The classical definition of a rhizome is a horizontal, root-like stem
that extends underground and sends out shoots to the surface.
Rhizomes connect plants in a living network.
Rhizome is also a figurative term used by Gilles Deleuze and Felix Guattari
to describe non-hierarchical networks of all kinds. Here are a few quotations
from their seminal book, A
Thousand Plateaus.
"A rhizome as subterranean stem is absolutely different from roots and
radicles. Bulbs and tubers are rhizomes. Plants with roots or radicles
may be rhizomorphic in other respects altogether: the question is whether
plant life in its specificity is not entirely rhizomatic. Even some animals
are, in their pack form.

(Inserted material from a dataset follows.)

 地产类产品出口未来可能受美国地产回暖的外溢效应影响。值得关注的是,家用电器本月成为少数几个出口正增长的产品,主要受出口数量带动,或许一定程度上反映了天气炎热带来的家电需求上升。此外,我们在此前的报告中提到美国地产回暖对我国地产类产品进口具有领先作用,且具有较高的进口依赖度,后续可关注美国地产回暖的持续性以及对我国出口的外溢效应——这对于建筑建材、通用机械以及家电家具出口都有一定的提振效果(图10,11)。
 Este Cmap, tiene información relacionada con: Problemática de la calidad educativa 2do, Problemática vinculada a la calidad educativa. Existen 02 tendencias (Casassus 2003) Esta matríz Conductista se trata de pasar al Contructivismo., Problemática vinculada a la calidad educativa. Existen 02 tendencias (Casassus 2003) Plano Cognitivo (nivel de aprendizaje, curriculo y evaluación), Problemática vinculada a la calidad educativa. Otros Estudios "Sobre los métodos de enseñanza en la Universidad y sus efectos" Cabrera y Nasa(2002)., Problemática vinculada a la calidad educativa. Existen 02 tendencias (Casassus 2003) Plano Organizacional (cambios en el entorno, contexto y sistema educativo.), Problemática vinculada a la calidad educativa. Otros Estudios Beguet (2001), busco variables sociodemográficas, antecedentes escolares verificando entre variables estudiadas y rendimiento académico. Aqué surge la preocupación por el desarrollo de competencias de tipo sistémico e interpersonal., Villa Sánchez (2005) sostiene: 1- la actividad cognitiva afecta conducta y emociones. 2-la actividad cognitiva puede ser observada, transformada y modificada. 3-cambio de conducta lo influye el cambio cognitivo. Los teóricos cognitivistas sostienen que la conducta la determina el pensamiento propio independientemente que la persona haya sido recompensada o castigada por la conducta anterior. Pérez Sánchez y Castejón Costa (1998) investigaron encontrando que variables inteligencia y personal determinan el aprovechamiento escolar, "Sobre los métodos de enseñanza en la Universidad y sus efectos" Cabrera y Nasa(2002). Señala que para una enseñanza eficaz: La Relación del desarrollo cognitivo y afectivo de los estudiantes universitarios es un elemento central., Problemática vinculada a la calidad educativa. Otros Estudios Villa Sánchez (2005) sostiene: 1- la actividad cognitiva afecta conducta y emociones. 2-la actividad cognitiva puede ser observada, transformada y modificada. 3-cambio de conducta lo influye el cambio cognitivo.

Rats are rhizomes... The rhizome itself assumes
very diverse forms, from ramified surface extension in all directions
to concretion into bulbs and tubers... We get the distinct feeling that
we will convince no one unless we enumerate certain approximate characteristics
of the rhizome." -p. 7
"A rhizome ceaselessly establishes connections between semiotic chains,
organization of power, and circumstances relative to the arts, sciences,
and social struggles." -p.7
"Multiplicities are rhizomatic, and expose arborescent pseudomultiplicities
for what they are." -p. 8
"The rhizome is an antigenealogy." -p. 11
"Write, form a rhizome, increase your territory by deterritorialization,
extend the line of flight to the point where it becomes an abstract machine
covering the entire plane of consistency." -p. 11
"We're tired of trees." -p. 15
"To these centered systems [arborescent structures], the authors contrast
acentered systems, finite networks of automata in which communication
runs from any neighbor to another, the stems or channels do not preexist,
and all individuals are interchangeable, defined only by their state
at a given moment--such that the local operations are coordinated and
the final, global result synchronized without a central agency." -p. 17
"Let us summarize the principal characteristics of a rhizome: unlike
trees or their roots, the rhizome connects any point to any other point,
and its traits are not necessarily linked to traits of the same nature;
it brings into play very different regimes of signs, and even nonsign
states. The rhizome is reducible neither to the One nor the multiple...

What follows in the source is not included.